Introduction

Coronavirus disease 2019 (COVID-19), caused by severe acute respiratory syndrome coronavirus 2 (SARS-CoV-2), first appeared in Wuhan, China, in late 2019, leading to a pandemic that lasted for more than 2 years. According to the World Health Organization, more than 664 million confirmed cases and 6.7 million deaths have been reported worldwide as of January 22, 20231. Accumulated mutations have led the virus to evolve variants, including Alpha (B.1.1.7), Delta (B.1.617), and Omicron (B.1.1.529)2, 3.

The epidemiology of COVID-19 in Japan involved a total of seven distinct waves by July 2022, with each wave eventually suppressed by public health and social measures and vaccination, while new waves were repeatedly induced by the recommencement of social activities and the appearance of novel variants.
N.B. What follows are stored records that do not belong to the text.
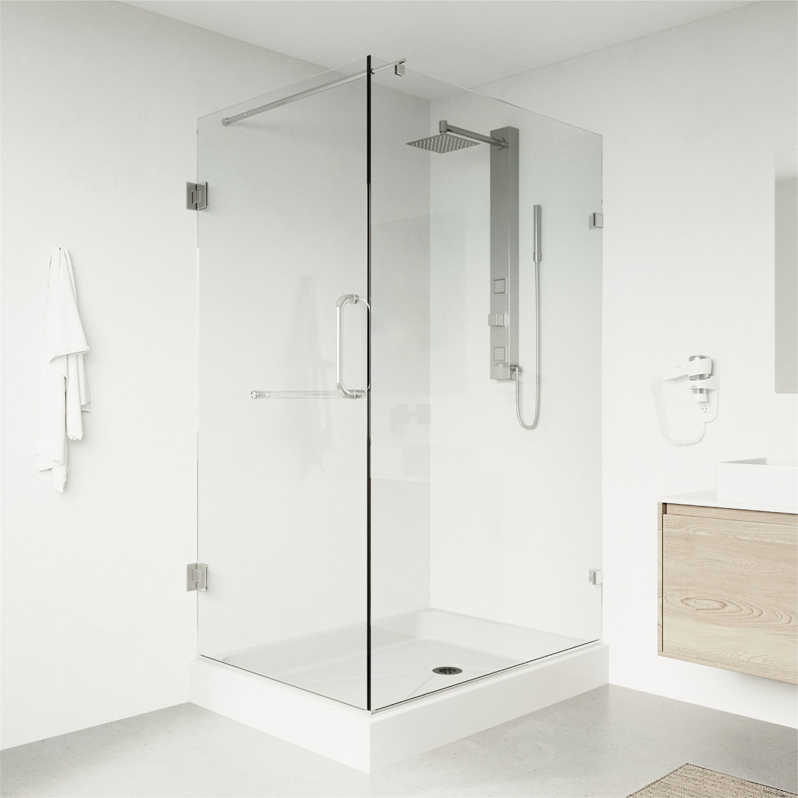 VIGO Pacifica 48.125 W x 70.75 H Frameless Hinged Shower Enclosure in Chrome with shower base and handle
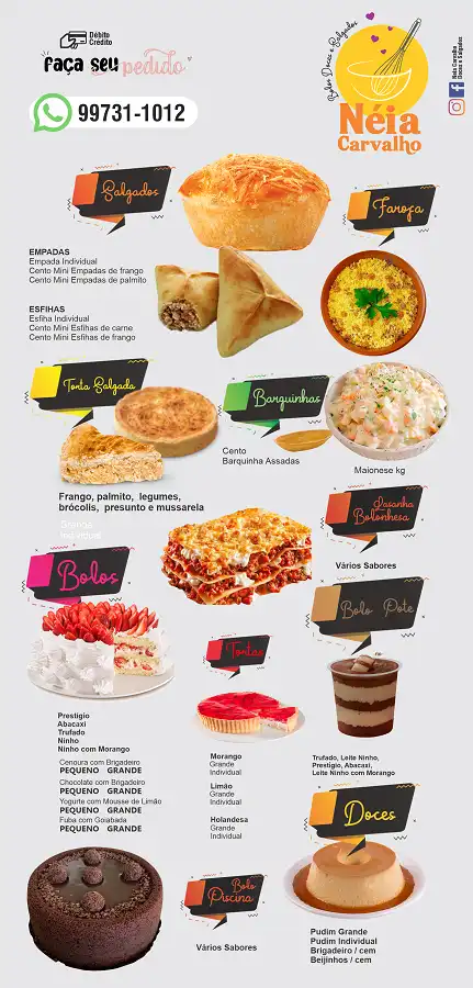 Cardápio para Confeitaria de Doces e Salgados Tipo: Cardápio, Folheto Segmento: Confeitaria, Alimentação, Salgados, Doces Cliente: Neia Carvalho Doces e Salgados Cores: Clean Imagens: Recortadas Formato: Vertical
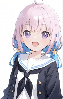 1girl,solo,long hair,looking at viewer,smile,open mouth,bangs,skirt,simple background,shirt,hair ornament,long sleeves,white background,twintails,school uniform,blue hair,purple eyes,jacket,upper body,pink hair,ahoge,white hair,:d,multicolored hair,pleated skirt,open clothes,serafuku,sailor collar,star \(symbol\),two-tone hair,black jacket,neckerchief,buttons,low twintails,white sailor collar,star hair ornament,double-breasted,black neckerchief,
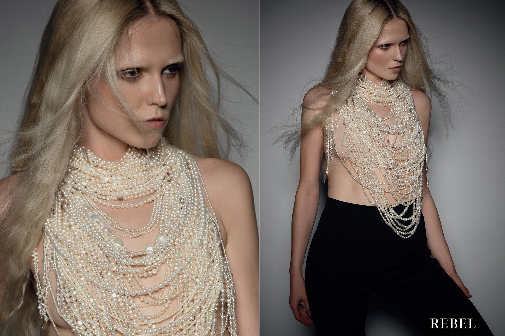A bespoke torso alongside our White Freshwater Pearl 'M&M' Long Necklace were featured in the Winter issue 2021 of Rebel Magazine

Of the seven waves, six were fully observed and were divided up in relation to the calendar time: (i) the first wave from February 1, 2020, to June 15, 2020; (ii) the second wave from June 16, 2020, to October 15, 2020; (iii) the third wave from October 16, 2020, to February 28, 2021; (iv) the fourth wave from March 1, 2021, to June 15, 2021; (v) the fifth wave from June 16, 2021, to December 15, 2021; and (vi) the sixth wave from December 16, 2021, to June 30, 20224. The Alpha, Delta, and Omicron variants were the dominant viruses during the fourth, fifth, and sixth waves, respectively5.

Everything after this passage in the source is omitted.